Scan the comments on most blog posts about events in Egypt and the words "Muslim Brotherhood" appear again and again. Many people seem to regard Islamism as the only possible alternative to despots in countries such as Egypt and Tunisia. Much was made of the "triumphant return" of Yusuf al-Qaradawi, the notorious Muslim Brotherhood cleric. Qaradawi, who espouses violent and obnoxious views on the treatment women, jews, and non-Muslims, led Friday prayers in Tahrir Square on February 18th, preaching to a gigantic crowd. Pundits compared this prayer service to the "triumphant return" of Ayatollah Khomeini to Iran in 1979.
What they failed to note is that Khomeini immediately named his own prime minister and launched a revolt just ten days later.

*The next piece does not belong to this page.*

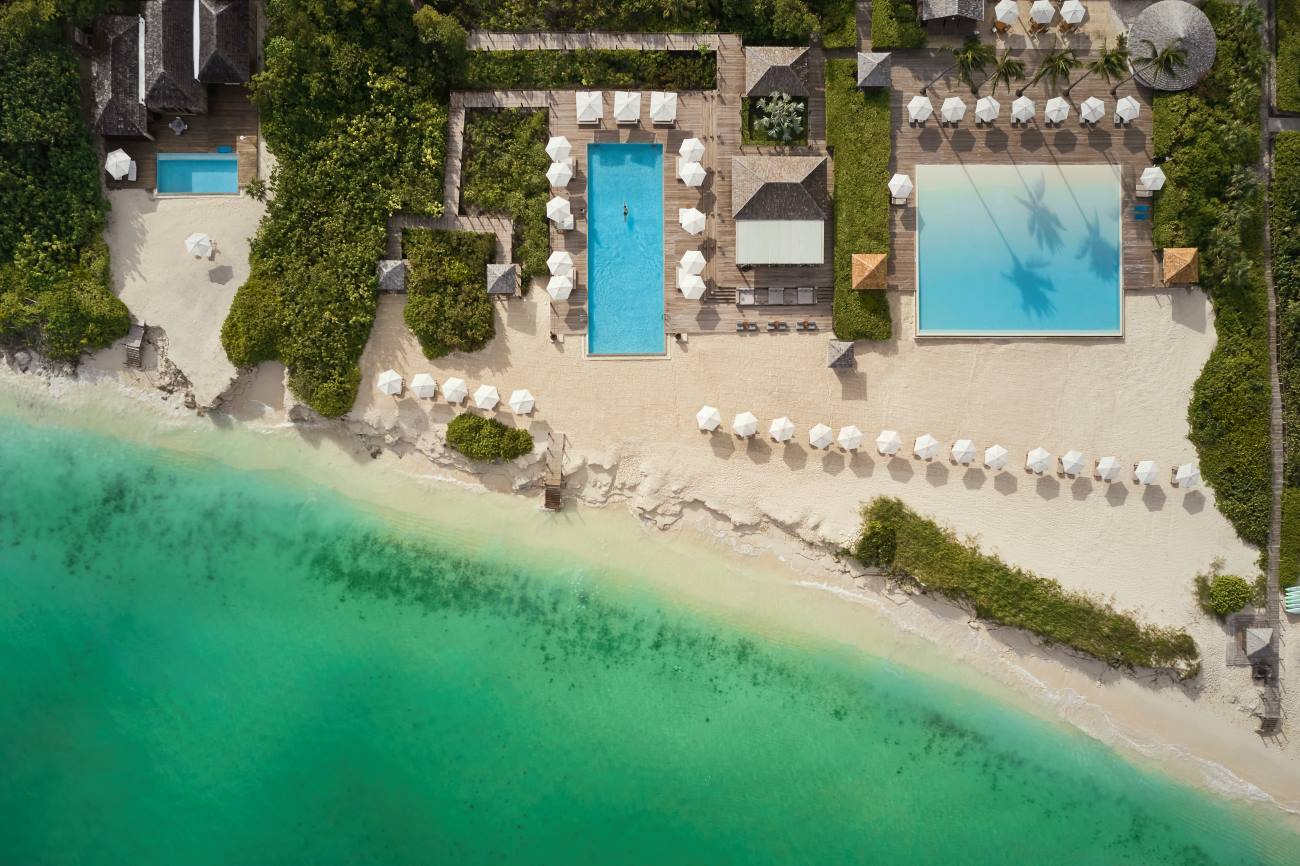 White wisps of cloud fleck the sky, an almost-perfect aquamarine canvas where the sun, a gleaming tangerine disc perched high above, takes centre stage. The rays beam down, throwing dappled light across the terrace, where a table is bestowed with a lavish lunchtime spread. Platters of fresh seafood and rainbow-coloured salads are delivered by waiters floating around us in total harmony, a feast complemented by glasses of chilled rosé and the happy hum of conversation. This is only our third day in the Turks and Caicos Islands, but I feel right at home. I pause for a moment to take in my surroundings: one of the hotel’s pools sparkles below, ringed by lush greenery and towering palms that gently sway, revealing a glimpse of the crystal-clear ocean beyond.

By contrast, Qaradawi has not formed any government or launched a revolt. Instead, in a move that pundits have largely ignored, Egypt's current military government ejected prime minister Ahmed Shafiq and replaced him with Essam Sharaf this week, in response to the demands of protesters.
On Wednesday night, hours before he would resign, Shafik appeared on a talk show with Naguib Sawiris, one of the country's leading businessmen, and Hamdi Kandil, a longtime pundit and journalist. The meeting turned raucous as Kandil, staring down Shafik, articulated what much of the nation felt: "I'm surprised that you remain as prime minister and that you accept it even when you know the majority of Egyptians want to see you go."
Qaradawi may yet try to launch a revolt, of course. But at the moment, Egyptians seem far more interested in influencing the current government.
And the current government seems to be listening.
As Ms. Rice puts it:
Egyptians are not Iranians, and it is not 1979. Egypt's institutions are stronger and its secularism deeper. The Brotherhood is likely to compete for the writ of the people in free and fair elections. They should be forced to defend their vision for Egypt. Do they seek the imposition of sharia law? Do they intend a future of suicide bombings and violent resistance to the existence of Israel? Will they use Iran as a political model? Al-Qaeda? Where will Egypt find jobs for its people? Do they expect to improve the lives of Egyptians cut off from the international community through policies designed to destabilize the Middle East?
What Ms. Rice sees in Egypt is a battle of ideas, not an inevitable Brotherhood takeover.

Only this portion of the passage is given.